▶ TASK GOAL:
Repeat the lines of the data exactly and exclude any picture among them.

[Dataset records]
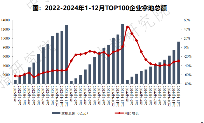 土拍市场是房地产市场的先行指标,观察土拍市场能窥探房地产市场的“冷暖”变化。 2024年10月以来,上海、深圳、杭州、成都等热点城市土拍市场持续活跃,接连出让多宗高总价地块,带动房地产百强企业2024年全年拿地总额同比降幅收窄。 中指院最新数据显示,2024年,百强房企拿地总额为9280亿元,同比下降29.7%,降幅收窄1.8个百分点。 ![]()
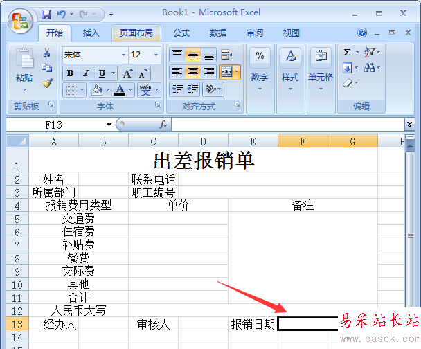 9、在下面的一行上輸入經(jīng)辦人、審核人、報銷日期,最后將【F13、G13】合并為一個單元格,表格的基本制作完成了。
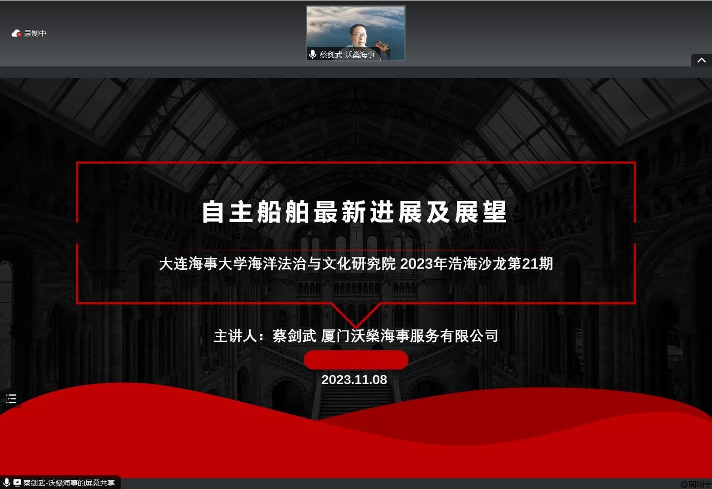 11月8日,我校第21期(总第77期)浩海沙龙于线上成功举办,本次浩海沙龙的主题为“自主船舶最新进展及展望”,由厦门沃燊海事服务有限公司总经理蔡剑武主讲,“浩海工程”培养人选韩佳霖主持。
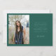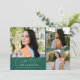 Cartão de foto de anúncio de graduação moderno e caprichoso com 3 fotos na frente e 1 no verso. O texto diz "comemorando o graduado" em fonte de caligrafia. Adicione o nome do graduado, informações e mensagem para personalizar este cartão. Verde.
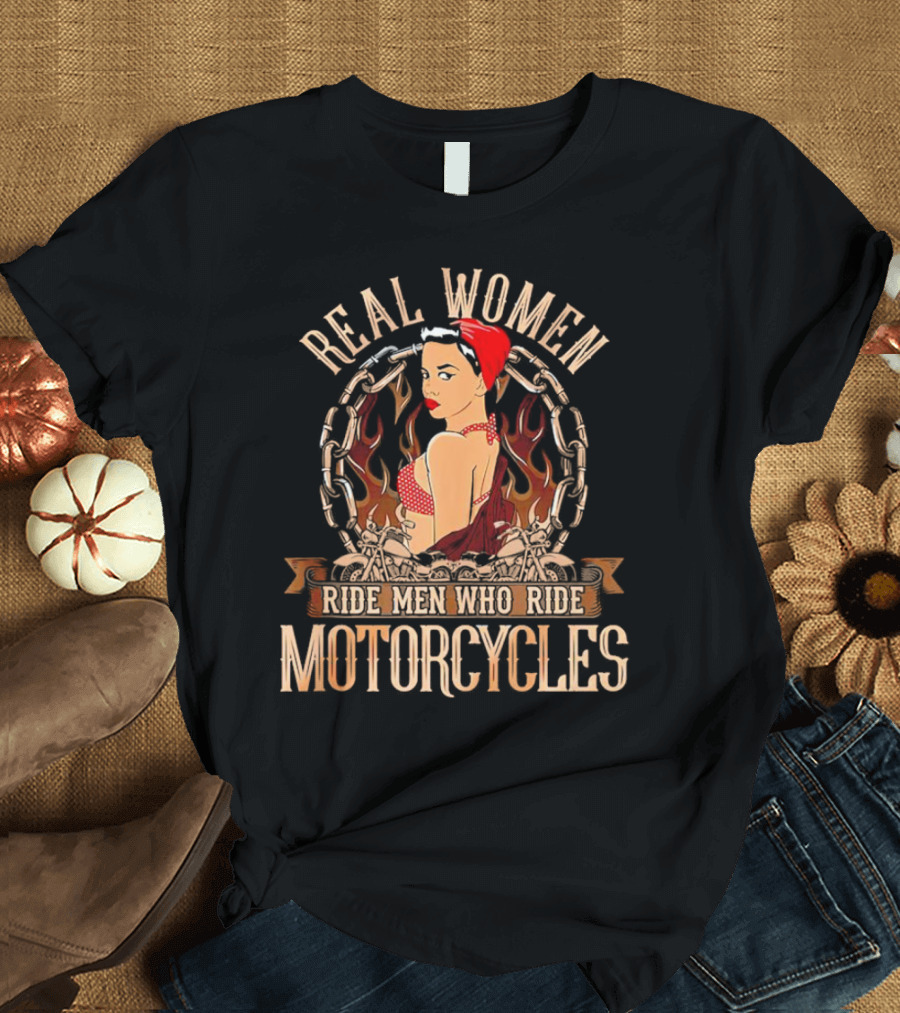 REAL WOMEN RIDE MEN WHO RIDE MOTORCYCLES VINTAGE BIKER PIN-UP WITH FLAMES AND CHAINS Shirt made from 100% pre-shrunk ring-spun cotton, unisex regular fit based on U.S. standard sizing. The shirt is designed, cut, sewn, and printed in the United States. Available in sizes S-5XL.
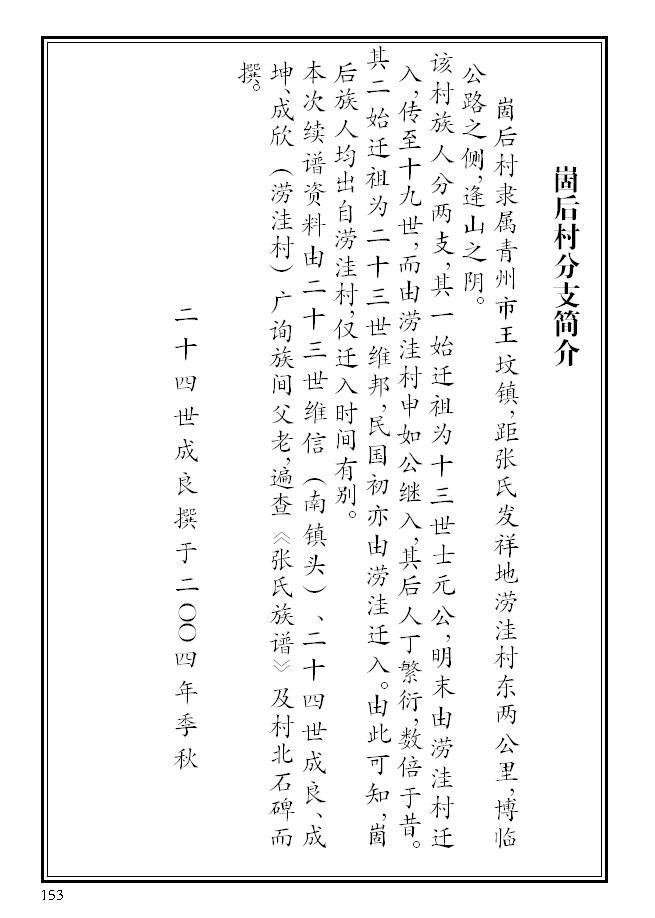 根据张敬华提供的2004版《张氏族谱》电子版整理。如有错漏,敬请指正。
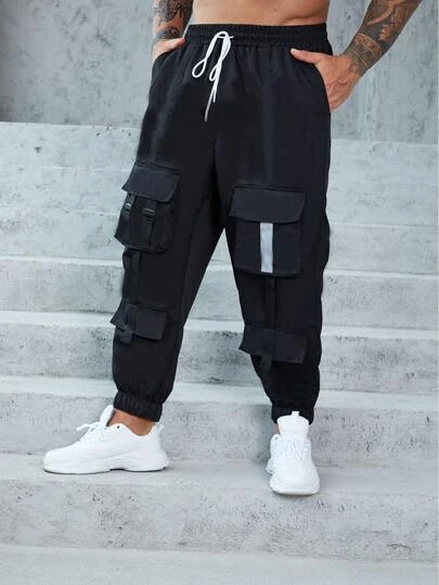 Manfinity Hypemode Men Patched Detail Flap Pocket Drawstring Waist Cargo Pants
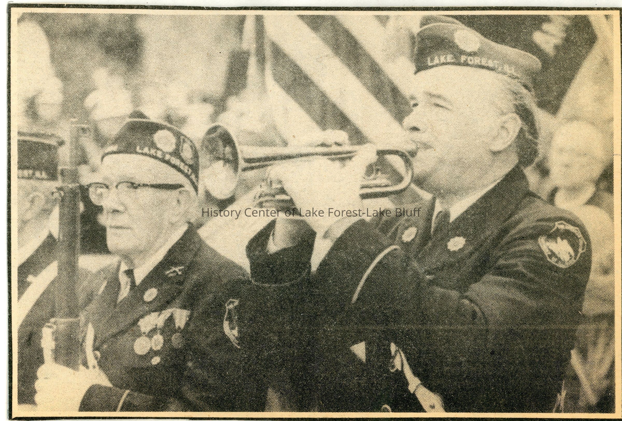 Photo taken from a newspaper. Typed caption: "Roy Moller will sound Taps on Memorial Day-- as he has done annually since joining McKinlock Post in 2950-- and as a youngster prior. (An earlier photo of Roy with his late father, Sven Moller)."Photograph Details
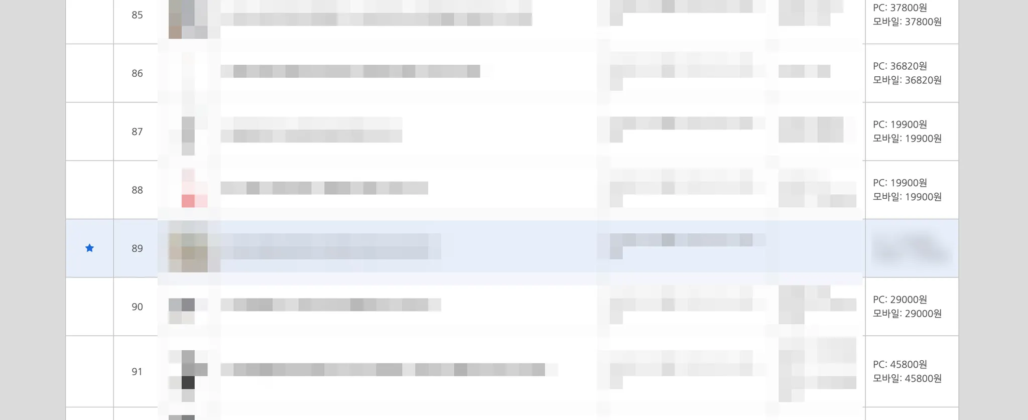 다른 예시로, ‘음식물처리기’를 클릭했을 시, 89등에 노출이 되고 있습니다.

▶ ANSWER FOR THE TASK:
 土拍市场是房地产市场的先行指标,观察土拍市场能窥探房地产市场的“冷暖”变化。 2024年10月以来,上海、深圳、杭州、成都等热点城市土拍市场持续活跃,接连出让多宗高总价地块,带动房地产百强企业2024年全年拿地总额同比降幅收窄。 中指院最新数据显示,2024年,百强房企拿地总额为9280亿元,同比下降29.7%,降幅收窄1.8个百分点。 ![]()
 9、在下面的一行上輸入經(jīng)辦人、審核人、報銷日期,最后將【F13、G13】合并為一個單元格,表格的基本制作完成了。
 11月8日,我校第21期(总第77期)浩海沙龙于线上成功举办,本次浩海沙龙的主题为“自主船舶最新进展及展望”,由厦门沃燊海事服务有限公司总经理蔡剑武主讲,“浩海工程”培养人选韩佳霖主持。
 Cartão de foto de anúncio de graduação moderno e caprichoso com 3 fotos na frente e 1 no verso. O texto diz "comemorando o graduado" em fonte de caligrafia. Adicione o nome do graduado, informações e mensagem para personalizar este cartão. Verde.
 REAL WOMEN RIDE MEN WHO RIDE MOTORCYCLES VINTAGE BIKER PIN-UP WITH FLAMES AND CHAINS Shirt made from 100% pre-shrunk ring-spun cotton, unisex regular fit based on U.S. standard sizing. The shirt is designed, cut, sewn, and printed in the United States. Available in sizes S-5XL.
 根据张敬华提供的2004版《张氏族谱》电子版整理。如有错漏,敬请指正。
 Manfinity Hypemode Men Patched Detail Flap Pocket Drawstring Waist Cargo Pants
 Photo taken from a newspaper. Typed caption: "Roy Moller will sound Taps on Memorial Day-- as he has done annually since joining McKinlock Post in 2950-- and as a youngster prior. (An earlier photo of Roy with his late father, Sven Moller)."Photograph Details
 다른 예시로, ‘음식물처리기’를 클릭했을 시, 89등에 노출이 되고 있습니다.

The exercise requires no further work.